A tych zaległości w blogowaniu trochę się nazbierało. Ostatnio byłam tu tydzień temu...
Ale niestety przez ten czas nie miałam zbytnio nastroju na pisanie. Wszystko przez sytuację, jaka działa się w moim mieście, a teraz nadal trwa w kraju. Ten ogrom nieszczęścia tylu ludzi, tak wiele domów i dobytków zniszczonych prze wodę.
A ja martwię się, że mam zalaną piwnicę...
Na szczęście w Oławie jakoś po mału się wszystko poprawia, woda wolno, ale zawsze, opada. Nie za ciekawa sytuacja jest jeszcze na osiedlu położonym tuż za wałem, gdyż przecieka on w kilku miejscach... ale mam nadzieję, że nie dojdzie do kolejnego nieszczęścia :)

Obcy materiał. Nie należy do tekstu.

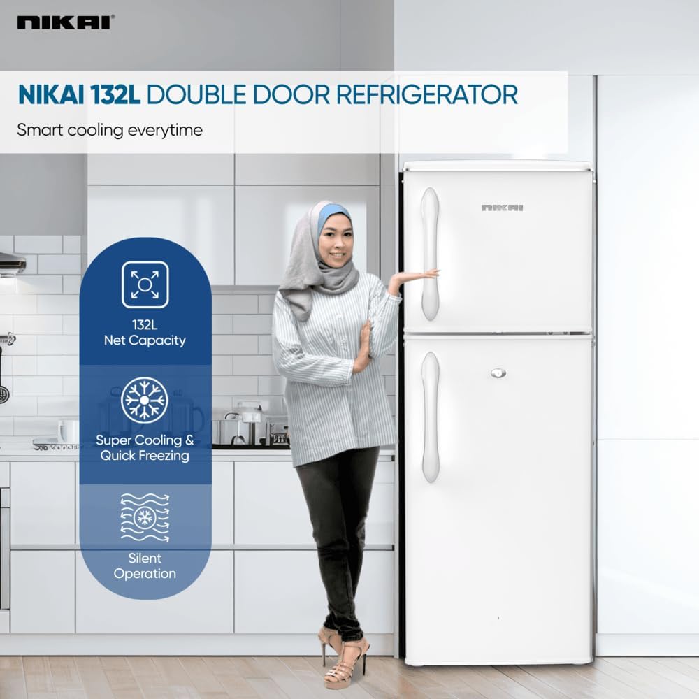 ثلاجة صغيرة الحجم 4.7 قدم مكعب (132 لتر) من نيكاي | ترموستات قابل للتعديل | مبرد R600A صديق للبيئة | ضاغط صامت وموفر للطاقة | وظيفة اذابة الثلج | NRF170N23W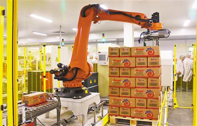 图为2月27日,酵母工厂内的工业机器人正在作业。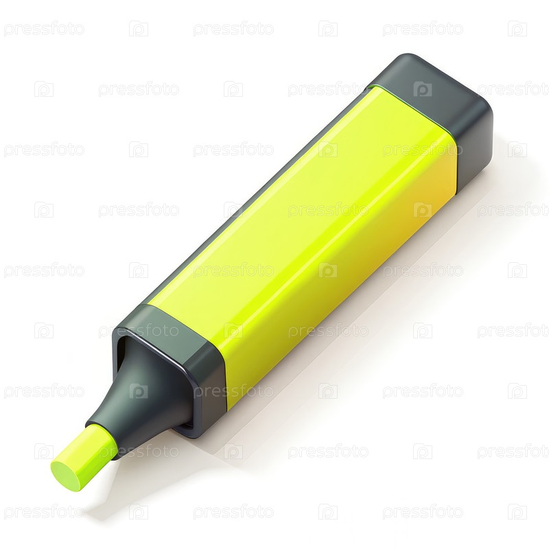 Ярко-желтый маркер, лежащий на плоской поверхности с гладкой отделкой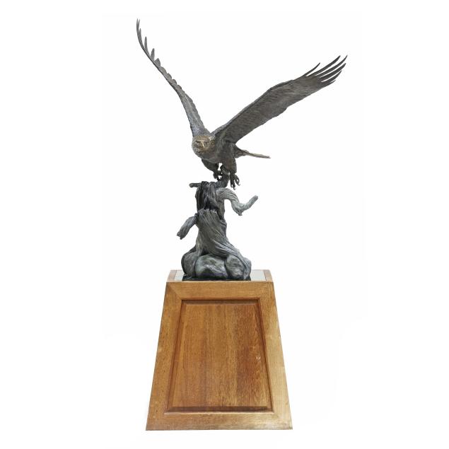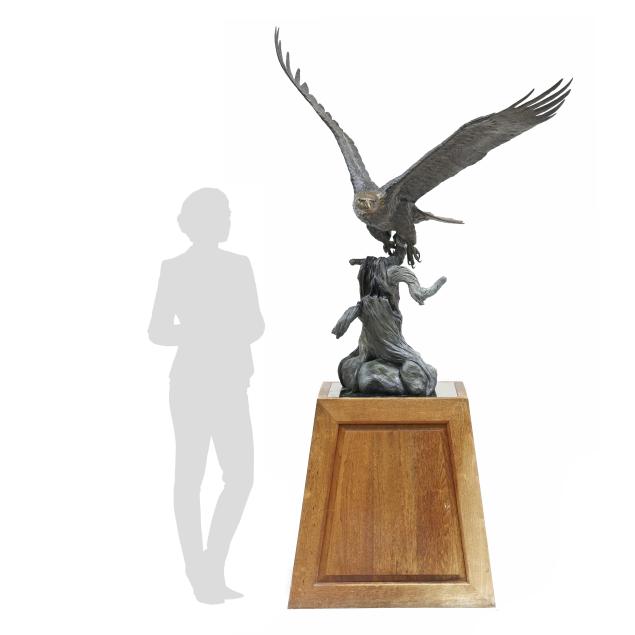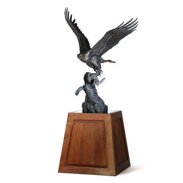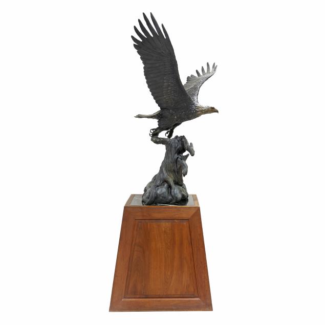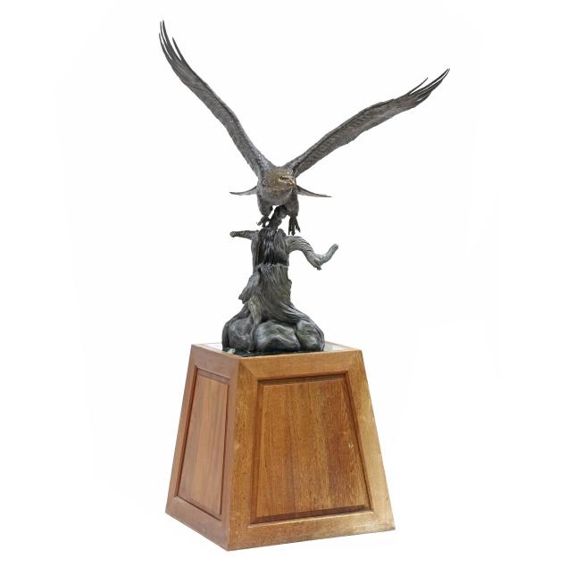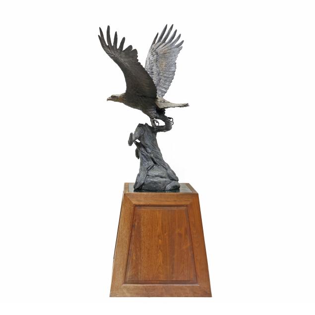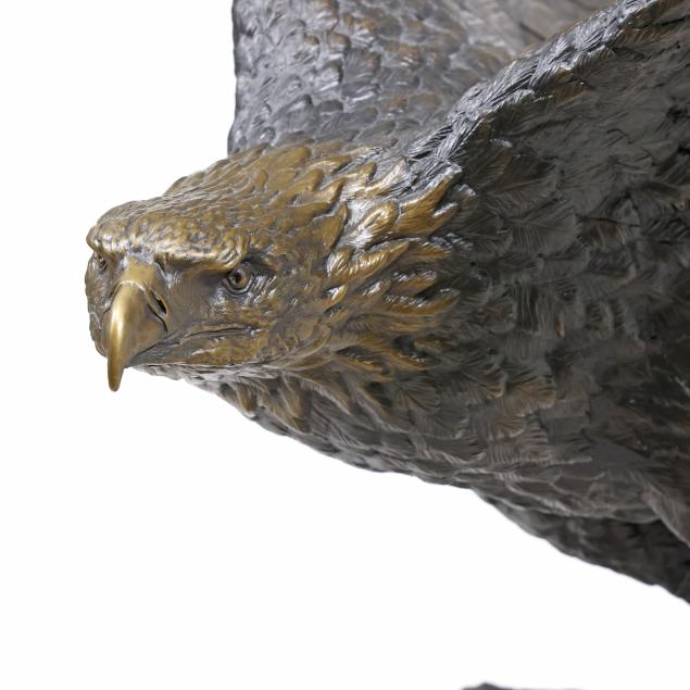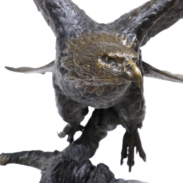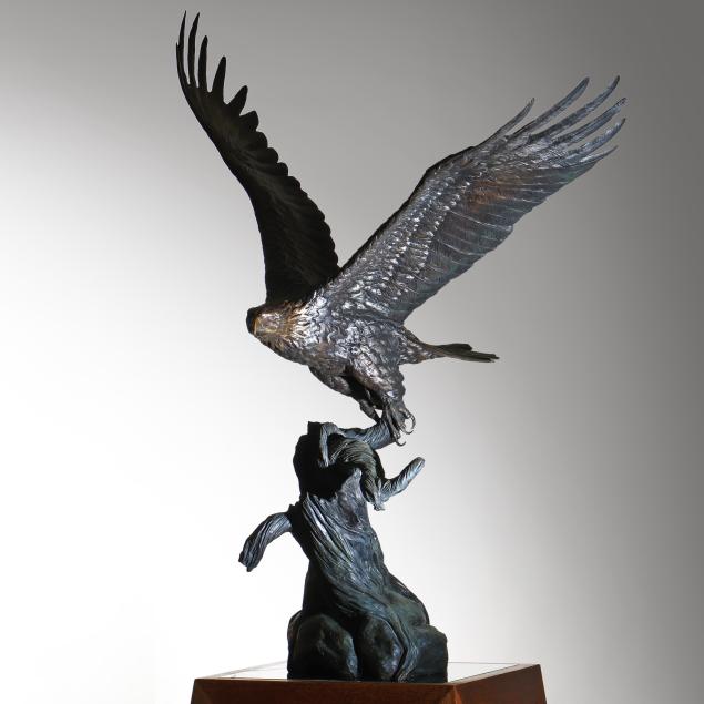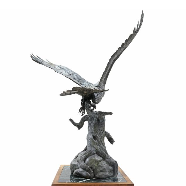 Life-size patinated bronze statue, limited edition numbered "18/35," modeled as a bald eagle taking flight from a weathered stump, together with a custom walnut and green paneled marble plinth.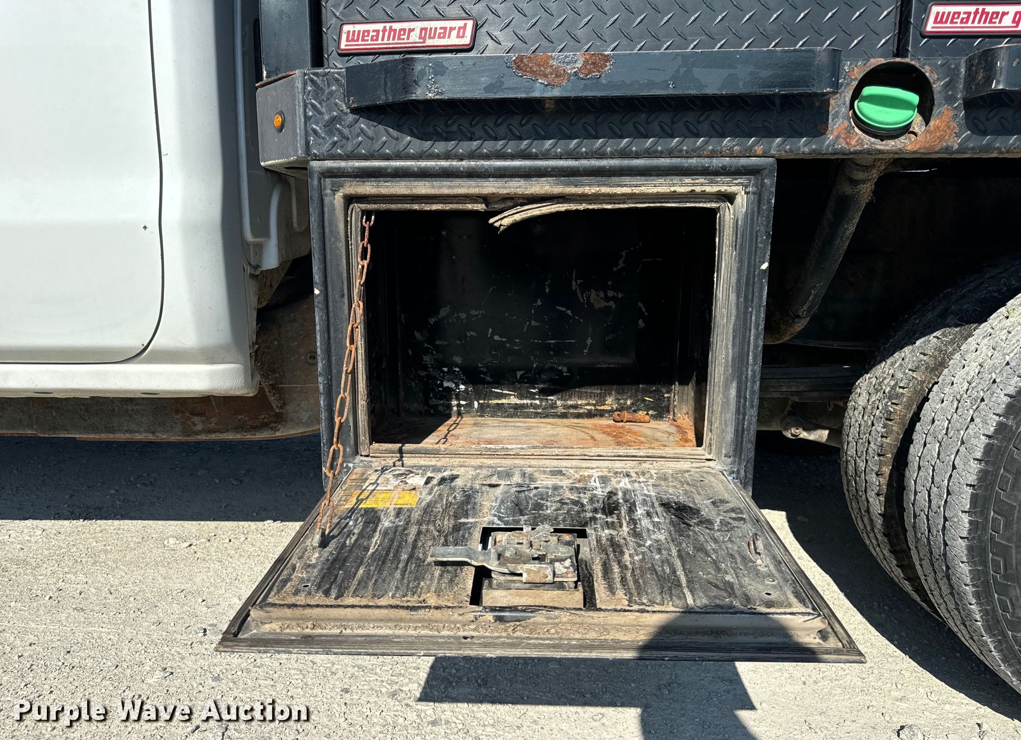 2018 Chevrolet 3500HD Crew Cab flatbed pickup truck. VIN: 1GB4KYCY2JF210291, Unit #: 0291. Engine Displacement: 6.6L V8 OHV, Cylinders: 8, Fuel type: Diesel. Transmission Automatic, Four wheel drive. Interior AC, Heat, Heated mirrors, Power windows, Power locks, Cruise control. Features Flatbed Knapheide, 9' 6" L, Hitch: Gooseneck, Weather Guard auxiliary fuel tank. Tires Size: 235/80R17. Notes Dash warning indicator: Check engine, Possible engine issues, diesel fuel in engine oil. Missouri title. HTH Companies Inc.. Lafayette, IN 47905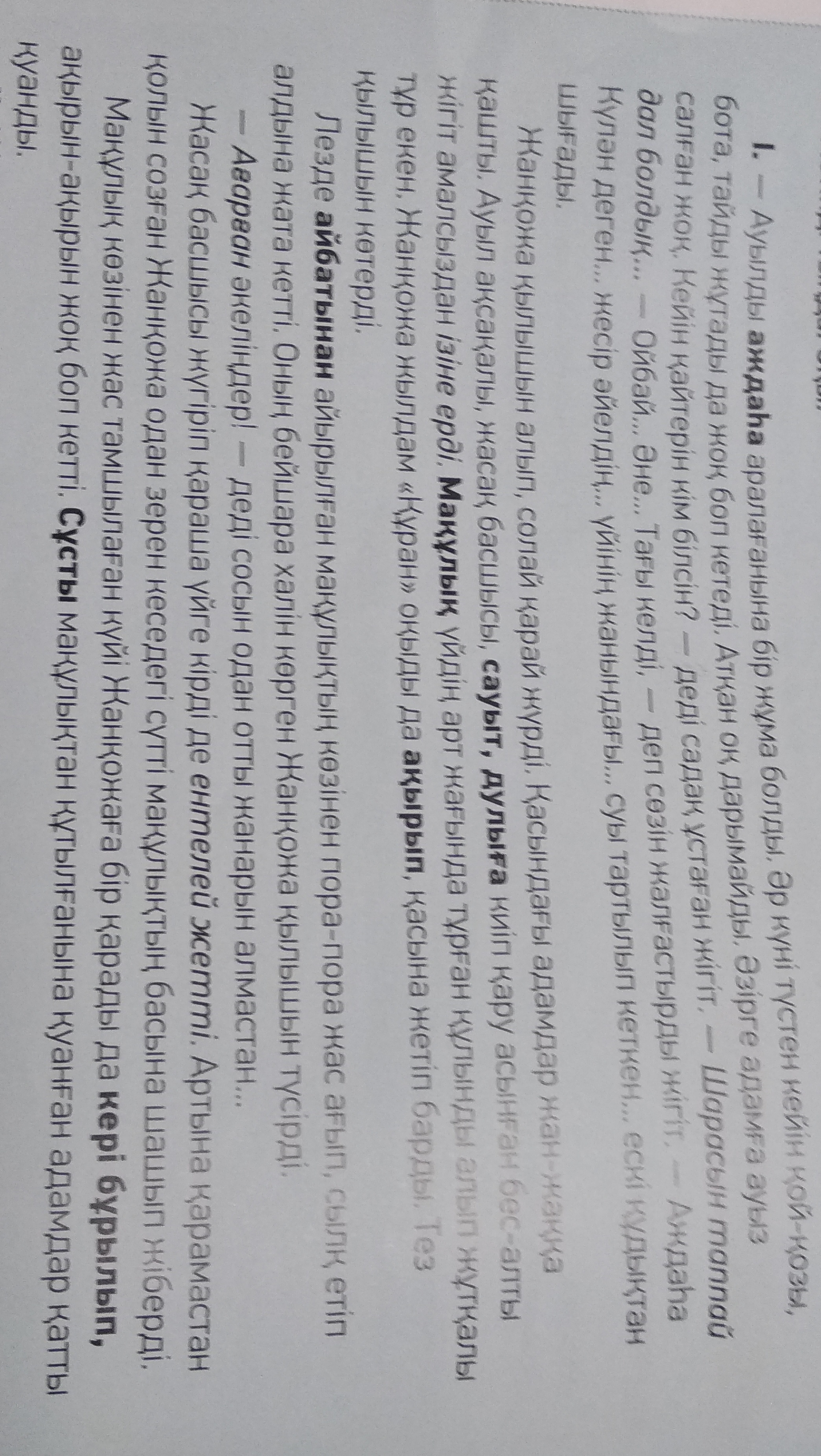 Аждаha посещал деревню в течение 1 недели.Каждый день овец и коза проглатывают и исчезает.Выстреленные пули не действовал.Тогда кто знает что?-сказал парень,даржащий лук.Мы не нашли выход.И устали от этого.Ойбай..Вот.снова пришел..-он продалжал.Аждаха Құлан ..вдова..рядом с её домом..вода была потеряна..из старого колодца выйдет.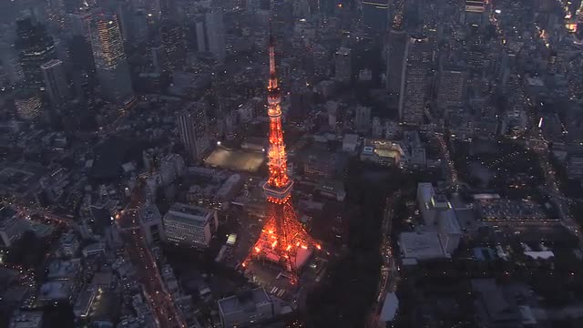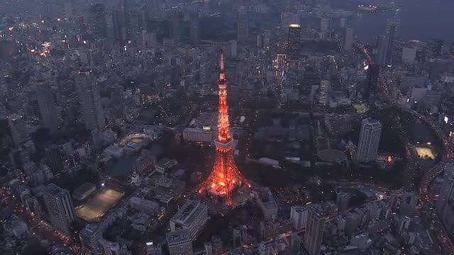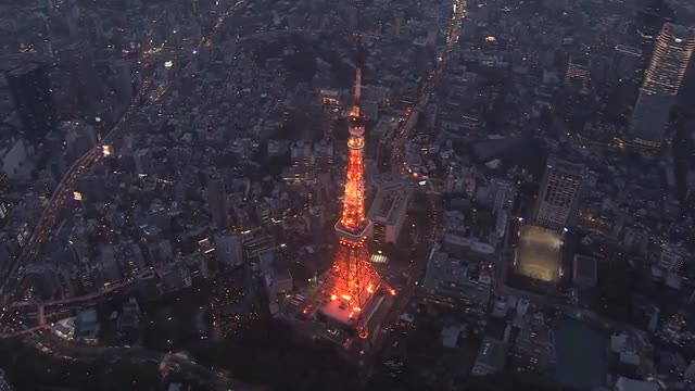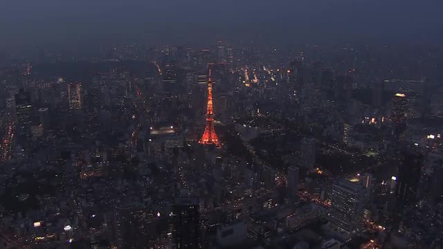 Aerial Metropolis Tokyo illuminated suburban Urban city transportation Japan

Ale dosyć już o powodzi, czas pokazać, czym zajmowałam się przez ten czas, oprócz śledzenia wiadomości. Oj kartki latały, było dużo cięcia, szycia i klejenia...
Szczerze mówiąc, nawet nie pamiętam co i w jakiej kolejności było robione.
Na poczatek album - pamiątka ślubna zrobiona głównie z ILSowej Czekolady.
Z racji tego, że zdjęć jest bardzo dużo, chociaż i tak nie wszystkie, które chciałam dać :) to w następnym poście umieszczę moje dalsze "stworki" z tego tygodnia.
Materiały:
dodatki - kwiatki i samoprzylepne perełki z Magdowa, tusz latarnia morska i papierowe kwiatki od Endiego, ozdobne ćwieki z Empiku, wstążeczki z pasmanterii, przeszycia wykonane przeze mnie.
Jak pisałam wcześniej, nie bardzo już pamiętam, co kiedy zrobiłam, ale jedno jest pewne - album był pierwszy ( to 18- sty i 19- sty dzień wyzwania majowego Michelle).